Inside the new digs of Clark Communications and Media Place Partners, warm-hued woods, aged brick walls and natural daylight streaming through glass curtain walls greet visitors. An old industrial wood and metal staircase leads from 131 S. Division Ave. (Grand Rapids) down to the lower level space, where the rear entry opens to a lobby facing an alley on the east.

"It's kind of a different set-up," says Clark Communications owner Craig Clark with a smile, motioning to both entries.

Clark and Dave Kettler, owner of Media Place Partners, moved their shops from separate locations on Monroe Center to the 1,900-square-foot space so both firms could have a room for growth and collaboration.

"Media Place Partners continues to grow and I wanted more room to do so," Kettler says. "I see this area as an up-and-coming part of town and found a very nice space here that fits our needs while not breaking the bank."

Between the two firms, eight employees will occupy the space -- three from Clark Communications and five from Media Place Partners. All the furniture is mobile, and some of it does double-duty, like the metal shelves with white-board backs -- the white-board side forms a wall of the conference area, the shelving side forms a storage wall in Clark's office.

"I have felt a real pull to the Heartside neighborhood," Clark says. "I've always enjoyed the eclectic, creative, collaborative energy. I also have a heart for the Heartside individuals we see walking up and down the street. I see the struggle on their faces. Behind that, there are real people."

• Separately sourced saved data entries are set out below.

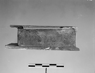 | Description: | First interpretation: shallow rectangular box, open at the back. Fragments missing. Broad flat projecting base and top. Traces of an object that stood on top. White color and traces of pale blue. ADDENDA: Traces of the figure that stood on top. | |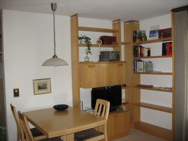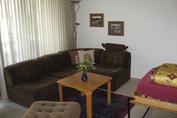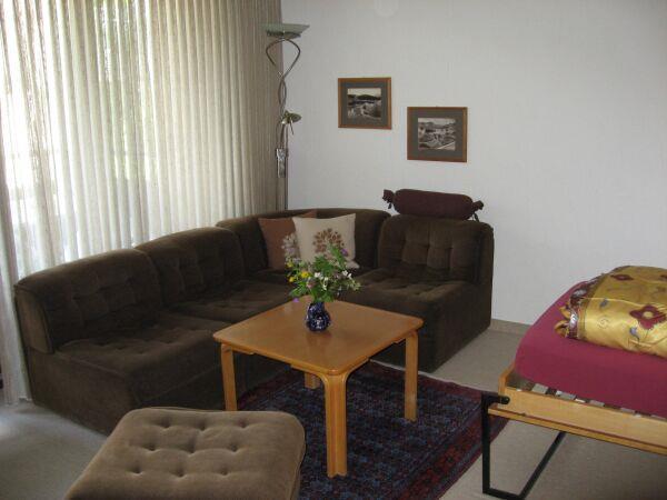 Der Raum (28 m2 Nettowohnfläche ohne Balkon 6 m2) sind komfortabel und gemütlich eingerichtet. Zentralheizung, der Wohnzimmerboden ist mit Wollspannteppich ausgestattet. Koch und Essgeschirr stehen in ausreichendem Masse zur Verfügung.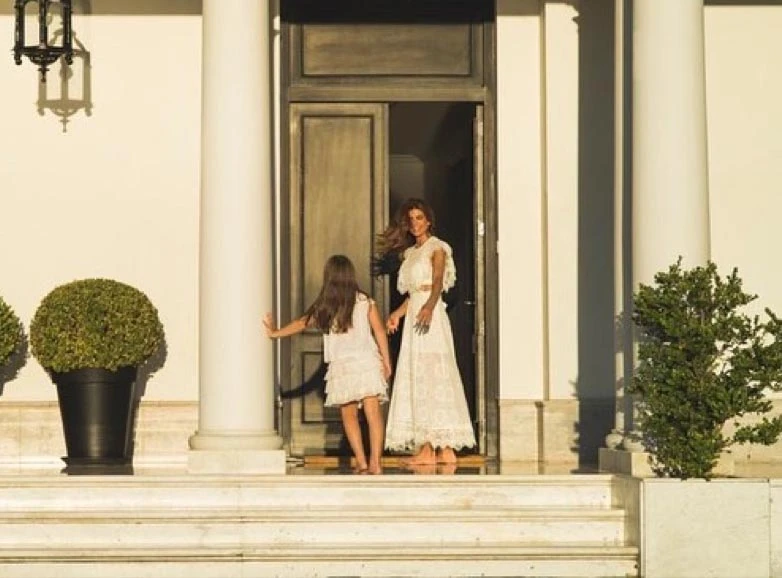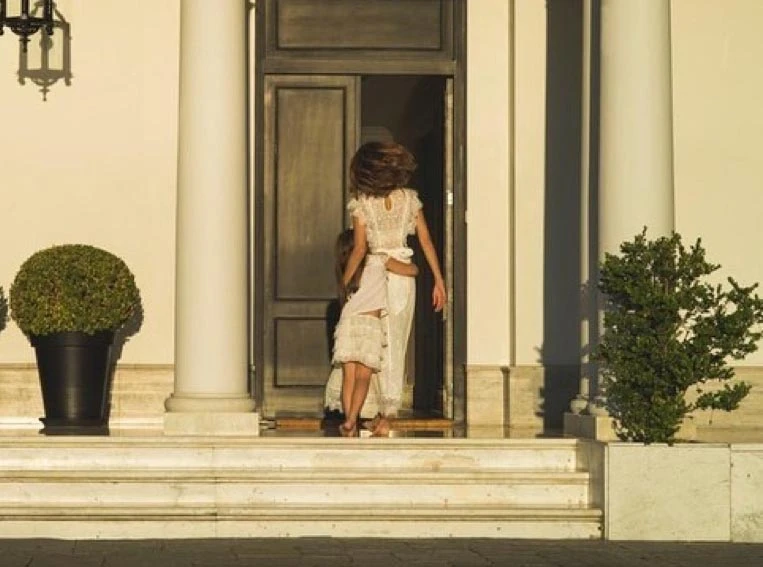 En la misma serie de fotos, después aparecen Juliana y su hija abrazadas y en la puerta de la residencia. Antonia lleva una blusa y una pollera con volados; Juliana un espectacular vestido de encaje con transparencias: parece una novia.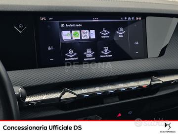2 prese USB anteriori, 2 Prese USB-C posteriori, 6 Airbags, ABS, Adaptive Cruise Control StopGo, Alzacristalli elettrici anteriori e posteriori, Ambient Lights, Apple CarPlay e AndoridAuto, Attacchi ISOFIX (sedile passeggero + 2 sedili posteriori), Black Pack Performance Line (DSWings ant/post), Bracciolo anteriore, Calandra Glossy Black, Cerchi in lega 19" Minneapolis, Comfort Access, Digital cockpit 7quot;, Driver Attention Assist, DS Air Climatizzatore automatico bizona con aeratori invisibili, DS E-Toggle, DS Extended Head-up Display, DS Matrix Led Vision, DS Navigation, DS IRIS, DS Smart Touch, DS Wings cromate, Emergency brake, ESP, Extended Traffic Sign Recognition, Fari posteriori 3D LED, Forward Collision Warning, Frenata di emergenza automatica, Freno di stazionamento elettronico, Hill Assist, Inserto paraurti posteriore Glossy Black, Interni in Alcantara Performance Line, Interni neri in Tessuto Peruzzi, Kit di riparazione pneumatici, Lane Keeping Assist, Maniglie esterne cromate a scomparsa, Parabrezza oscurato e acustico, Pedaliera in alluminio, Radio DAB+, REF, Retrovisore interno elettrocromatico, Retrovisori esterni richiudibili elettricamente, Rilevatore Bassa Pressione Pneumatici, Sedili posteriori frazionabili 2/3 - 1/3, Sensori di parcheggio anteriori, Sensori Di Parcheggio Posteriori, Sensori luci e pioggia, Servizi connessi, Shadow line esterna ai finestrini, Telecamera Di Retromarcia, Terminali di scarico cromati, Touchscreen 10quot;, Tunnel centrale chiuso, Vetri posteriori e lunotto oscurati, Volante in pelle multifunzione con paddles

Clark plans to foster his desire to help others by contributing 10 percent of Clark Communications' revenue to nearby nonprofits Mel Trotter Ministries, Degagé Ministries, Heartside Ministry and Guiding Light Mission to help individuals who have, or who want to, start their own businesses.

"For example, Guiding Light has men going in and out of there. Some are ready to reemerge. Do they have an entrepreneurial spirit, can we help them with that?" Clark says. "Right now, we're trying to identify those people and develop relationships and see what comes from that."